__Prompt__. Look through the material below and return every line that contains "jasli".

__Material for the task__.
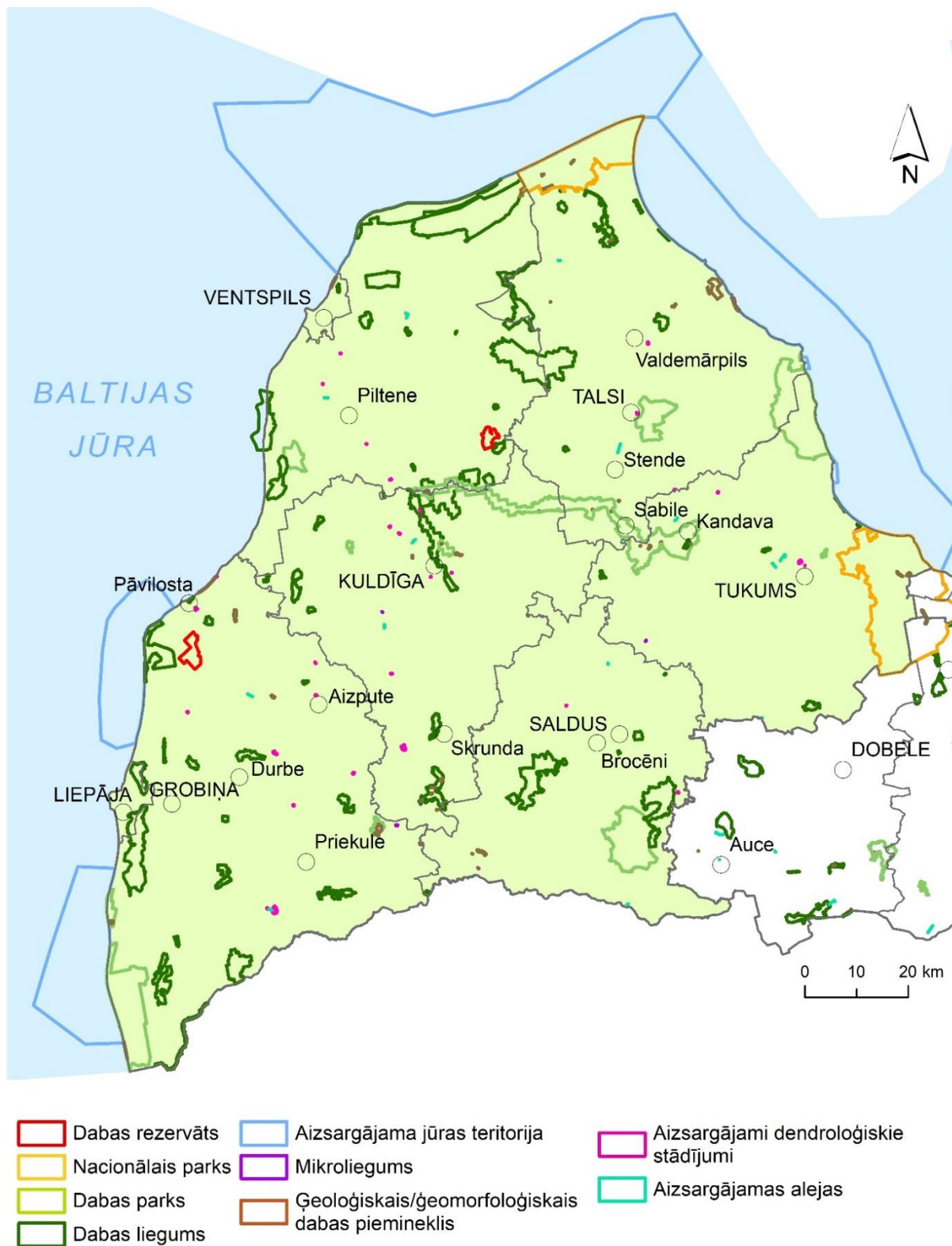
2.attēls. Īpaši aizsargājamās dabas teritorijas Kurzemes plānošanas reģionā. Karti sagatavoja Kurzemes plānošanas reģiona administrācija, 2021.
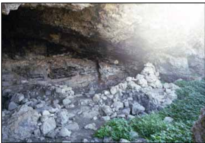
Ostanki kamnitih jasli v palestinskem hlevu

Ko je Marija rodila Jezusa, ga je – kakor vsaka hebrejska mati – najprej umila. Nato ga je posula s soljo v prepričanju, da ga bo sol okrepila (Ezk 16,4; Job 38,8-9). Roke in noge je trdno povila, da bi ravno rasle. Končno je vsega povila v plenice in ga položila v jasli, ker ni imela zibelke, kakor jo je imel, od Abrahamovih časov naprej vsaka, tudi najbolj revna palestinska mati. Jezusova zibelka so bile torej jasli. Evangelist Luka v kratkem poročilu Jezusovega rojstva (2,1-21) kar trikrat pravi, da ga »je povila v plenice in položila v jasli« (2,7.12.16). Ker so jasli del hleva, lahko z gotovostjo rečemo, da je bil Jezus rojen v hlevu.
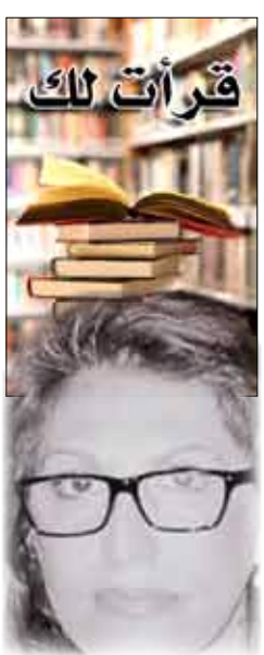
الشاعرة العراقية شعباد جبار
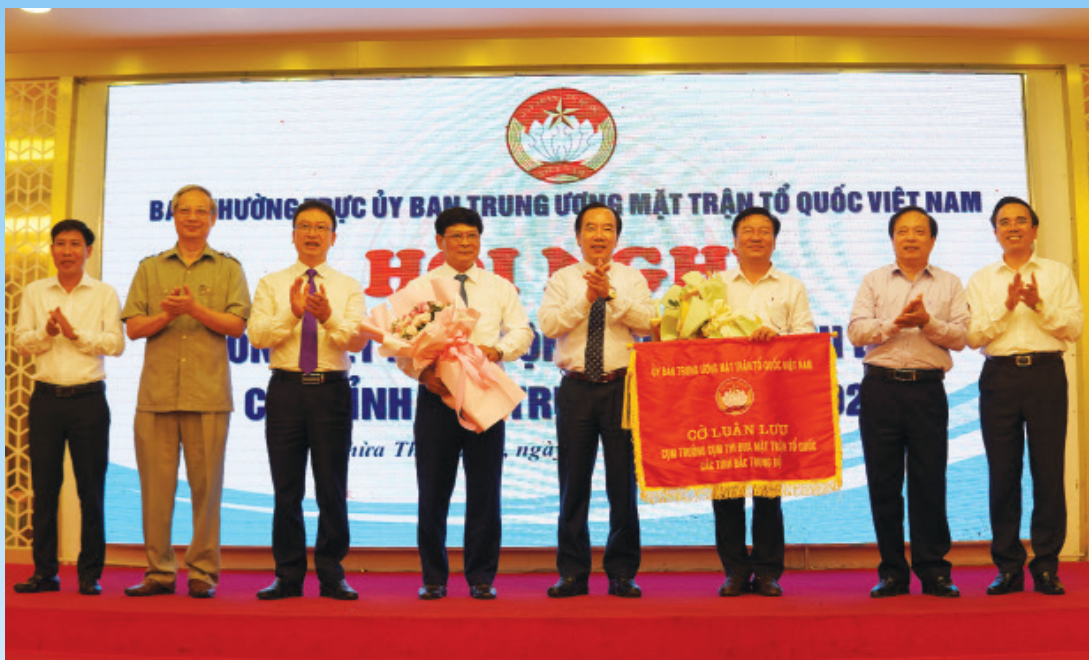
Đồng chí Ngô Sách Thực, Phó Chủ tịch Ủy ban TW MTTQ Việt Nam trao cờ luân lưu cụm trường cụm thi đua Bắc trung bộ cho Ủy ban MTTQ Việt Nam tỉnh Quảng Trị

__Response__.
Ostanki kamnitih jasli v palestinskem hlevu
Ko je Marija rodila Jezusa, ga je – kakor vsaka hebrejska mati – najprej umila. Nato ga je posula s soljo v prepričanju, da ga bo sol okrepila (Ezk 16,4; Job 38,8-9). Roke in noge je trdno povila, da bi ravno rasle. Končno je vsega povila v plenice in ga položila v jasli, ker ni imela zibelke, kakor jo je imel, od Abrahamovih časov naprej vsaka, tudi najbolj revna palestinska mati. Jezusova zibelka so bile torej jasli. Evangelist Luka v kratkem poročilu Jezusovega rojstva (2,1-21) kar trikrat pravi, da ga »je povila v plenice in položila v jasli« (2,7.12.16). Ker so jasli del hleva, lahko z gotovostjo rečemo, da je bil Jezus rojen v hlevu.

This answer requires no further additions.